Minchan Kim wrote:
On Mon, Mar 12, 2012 at 06:18:21PM +0400, Konstantin Khlebnikov wrote:
Minchan Kim wrote:
On Mon, Mar 12, 2012 at 04:14:14PM +0800, Zheng Liu wrote:
On 03/12/2012 02:20 PM, Konstantin Khlebnikov wrote:
Minchan Kim wrote:
On Mon, Mar 12, 2012 at 10:06:09AM +0800, Zheng Liu wrote:
<CUT>
Now problem is that
1. User want to keep pages which are used once in a while in memory.
2. Kernel want to reclaim them because they are surely reclaim target
pages in point of view by LRU.
The most desriable approach is that user should use mlock to guarantee
them in memory. But mlock is too big overhead and user doesn't want to
keep
memory all pages all at once.(Ie, he want demand paging when he need
the page)
Right?
madvise, it's a just hint for kernel and kernel doesn't need to make
sure madvise's behavior.
In point of view, such inconsistency might not be a big problem.
Big problem I think now is that user should use madvise(WILLNEED)
periodically because such
activation happens once when user calls madvise. If user doesn't use
page frequently after
user calls it, it ends up moving into inactive list and even could be
reclaimed.
It's not good. :-(
Okay. How about adding new VM_WORKINGSET?
And reclaimer would give one more round trip in active/inactive list
erwhen reclaim happens
if the page is referenced.
Sigh. We have no room for new VM_FLAG in 32 bit.
p
It would be nice to mark struct address_space with this flag and export
AS_UNEVICTABLE somehow.
Maybe we can reuse file-locking engine for managing these bits =)
Make sense to me. We can mark this flag in struct address_space and check
it in page_refereneced_file().
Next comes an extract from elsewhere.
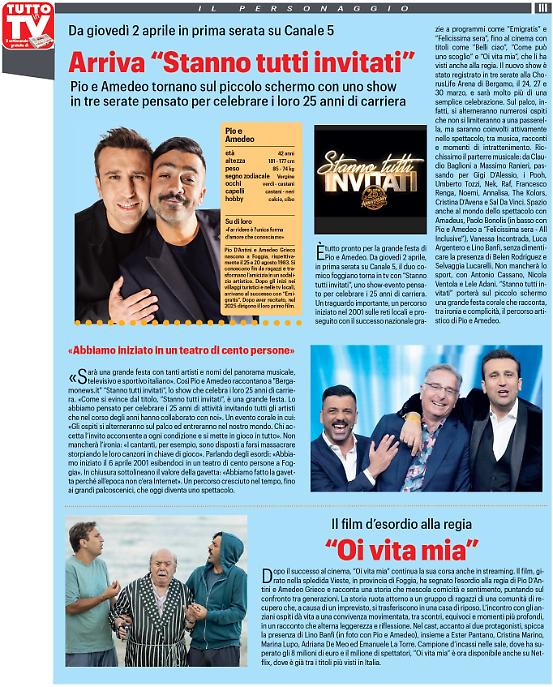 Pio e Amedeo tornano su Canale 5 per festeggiare i loro 25 anni di carriera e non saranno soli. "Pio e Amedeo - Stanno tutti invitati" andrà in onda dal 2 aprile per tre su Canale 5 e in streaming su Mediaset Infinity.

If this flag is set, it will be cleard and
Disadvantage is that we could set reclaim granularity as per-inode.
I want to set it as per-vma, not per-inode.
But with per-inode flag we can tune all files, not only memory-mapped.
I don't oppose per-inode setting but I believe we need file range or mmapped vma,
still. One file may have different characteristic part, something is working set
something is streaming part.
See, attached patch. Currently I thinking about managing code,
file-locking engine really fits perfectly =)
file-locking engine?
You consider fcntl as interface for it?
What do you mean?
If we set bits on inode we somehow account its users and clear AS_WORKINGSET and AS_UNEVICTABLE
at last file close. We can use file-locking engine for locking inodes in memory -- file lock automatically
release inode at last fput(). Maybe it's too tricky and we should add couple simple atomic counters to
generic strict inode (like i_writecount/i_readcount) but in this case we will add new code on fast-path.
So, looks like invention new kind of struct file_lock is best approach.
I don't want implement range-locking for now, but I can do it if somebody really wants this.
Yes, we can use fcntl(), but fadvise() is much better.